Forced energy restriction is the main treatment for obesity. Forced energy restriction involves creating a negative energy balance, such that ingested energy is less than expended energy. This is done primarily though the reduction in the number of calories consumed, but can also involve increased levels of physical activity. If forced energy restriction was an effective cure for obesity, then it would be expected that the lighter individual that results from the treatment would display a reversal of the metabolic abnormalities that are present when body mass is at its greatest. However, forced energy restriction does not reverse these abnormalities. On the contrary, in many cases it causes further deterioration. For example, prior to weight loss the resting metabolic rate of obese individuals is higher than that of lean controls. However, following a forced energy restriction diet the loss of muscle mass causes a reduction in the RMR.
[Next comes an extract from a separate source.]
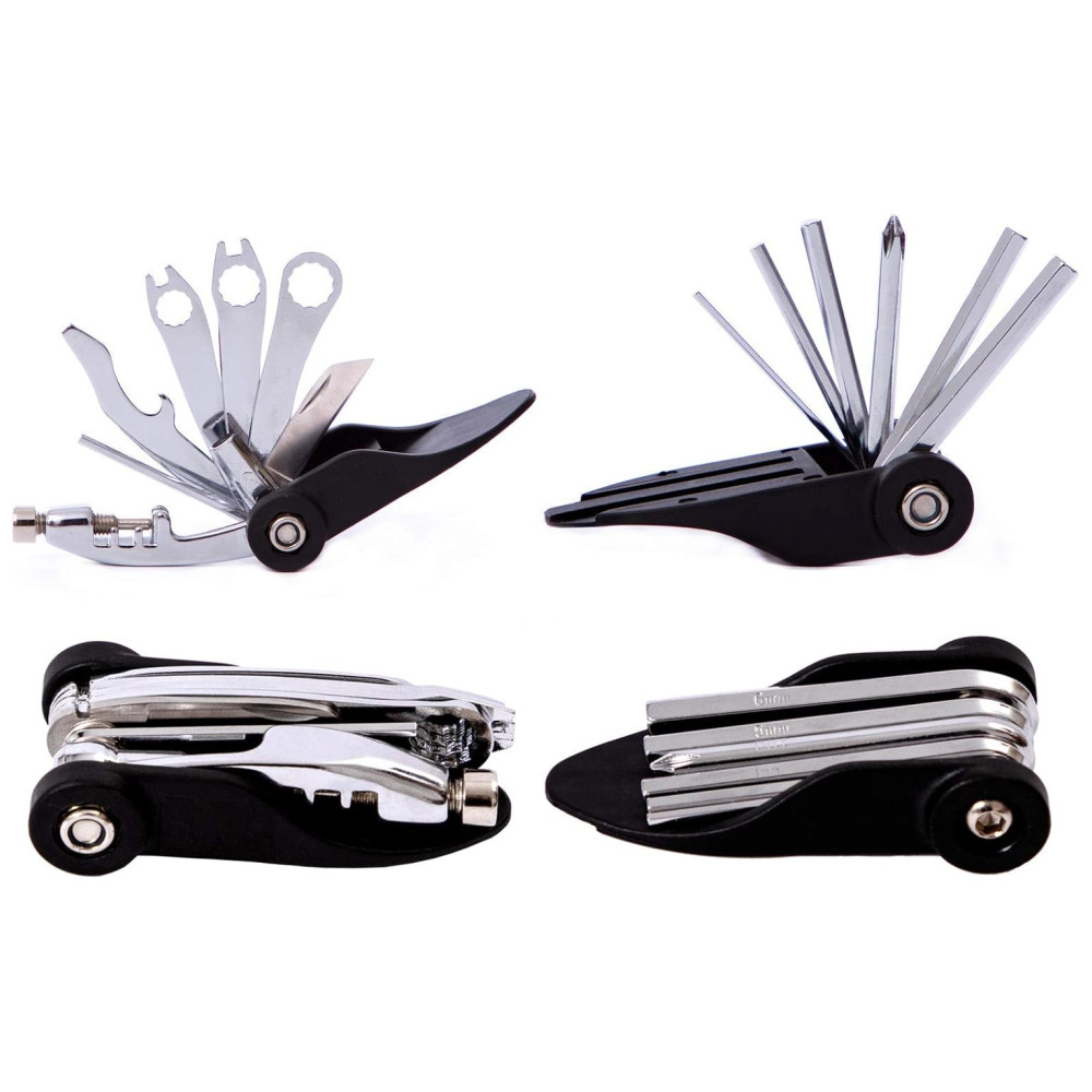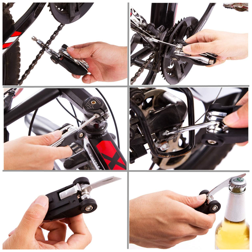 FERRAMENTA 17 EM 1 DE ALTA RESISTÊNCIA. Os kits de ferramentas de reparo de bicicletas são feitos de aço carbono de alta qualidade com versão de aço mais duro. Acabamento fino e profissional, design de moda, durável, mais forte e mais eficaz, inclui chave sextavada universal chaves Allen 2, 2.5, 3, 4, 5, 6, 8mm, chave de soquete 8,9,10, chave de fenda de cabeça chata, Chave de fenda e abridor de garrafas Philips, faca para ferramentas de emergência e ferramentas de corrente.

If forced energy restriction diets were a treatment for obesity, we would also expect to see improvements in the utilisation of ingested energy following completion of weight loss. This could be measured as an increase body temperature following a carbohydrate (glucose) containing meal. However, evidence suggests that this does not occur. For example researchers1 investigated the reaction of 8 obese individuals to a glucose load and noted that the thermic effect of this food was lower (1.7 %) compared to lean controls (9.2 %). The researchers also noted that the obese individuals had a reduced adrenaline response from the central nervous system as measured by arterial adrenaline concentrations. Following a 30 kg weight loss, the obese individuals were re-tested but their thermic response from the ingested food was still lower than lean individuals (4.2 % versus 9.2 %, respectively), and arterial adrenaline remained impaired.
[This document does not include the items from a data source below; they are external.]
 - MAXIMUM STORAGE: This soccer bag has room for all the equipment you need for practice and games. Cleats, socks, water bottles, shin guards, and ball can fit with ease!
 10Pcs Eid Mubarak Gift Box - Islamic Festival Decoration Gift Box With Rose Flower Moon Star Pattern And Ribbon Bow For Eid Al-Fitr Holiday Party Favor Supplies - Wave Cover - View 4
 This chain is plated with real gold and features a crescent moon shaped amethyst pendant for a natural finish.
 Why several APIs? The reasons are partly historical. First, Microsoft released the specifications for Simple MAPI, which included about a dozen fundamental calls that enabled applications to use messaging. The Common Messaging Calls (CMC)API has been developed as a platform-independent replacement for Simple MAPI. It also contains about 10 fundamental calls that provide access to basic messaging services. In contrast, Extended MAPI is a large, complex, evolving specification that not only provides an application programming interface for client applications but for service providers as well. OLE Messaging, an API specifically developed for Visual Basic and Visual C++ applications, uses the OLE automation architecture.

These results suggests that weight loss does not reverse the impaired ability of obese individuals to utilise energy. Because these individuals lost 30 kg of weight, it is likely they lost several kg of skeletal muscle. As a result they would almost certainly have developed a lower RMR. The combination of a low RMR with the impaired thermic response to food would have made it highly likely that they would regain any lost body fat. The inability of the obese subjects to utilise energy is reflected in the insulin responses of the subjects. Insulin response to ingested glucose was elevated both before and after weight loss suggesting poor insulin sensitivity. This supports the contention that the poor utilisation of fuel in obesity is caused by insulin resistance, and that the correct treatment for obesity should centre on improving insulin sensitivity through improvements in diet quality.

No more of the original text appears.